NMT with xFormers: Part 1
Published:
In this post I explore the APIs of the wonderful new xFormers library while revisiting torchtext which has undergone a great deal of maturation since I last used it. This serves as an exploration and hopefully some motivation to develop tooling around the ideas explored here in hopes of developing a principled neural machine translation library that leverages optimized tooling under the hood. Let’s jump in.

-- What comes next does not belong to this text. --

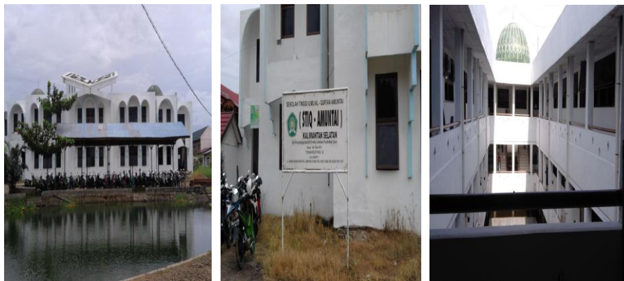
Gambar 4.1 Sekolah Tinggi Ilmu Alquran (STIQ) Amuntai

Pendirian Sekolah Tinggi Ilmu Alquran (STIQ) Amuntai adalah satu karya monumental hasil Musabaqah Tilawatil Quran (MTQ) XXI Tingkat Provinsi Kalimantan Selatan di Amuntai Tahun 2000. Di tengah meriahnya acara ini, muncullah inspirasi dan ide untuk melanggengkan dan mengembangkan kegiatan-kegiatan MTQ tersebut seperti tahfizh dan tilawah dan menjadikan syi'ar Alquran sebagai lambang kota Amuntai, dan berangkat dari gagasan itulah muncul ide untuk mendirikan sebuah lembaga khusus yang berdedikasi untuk mengembangkan dan mensosialisasikan ilmu-ilmu Alquran yang kemudian disebut “Sekolah Tinggi Ilmu Alquran”.

This post will hopefully be the first in a series where I explore and develop components in the neural machine translation lifecycle. Naturally I’ll begin by discussing data, loading, and preparation. I wanted to develop this with a relatively small dataset, so I used French-English data from Tatoeba as found on this website. While torchtext natively supports fetching established benchmark datasets, I elected to use a non-encapsulated dataset for two purposes:
- The benchmark datasets tend to be too big to yield quick turnaround during development.
- I wanted to understand the surface area of incorporating a custom dataset into torchtext.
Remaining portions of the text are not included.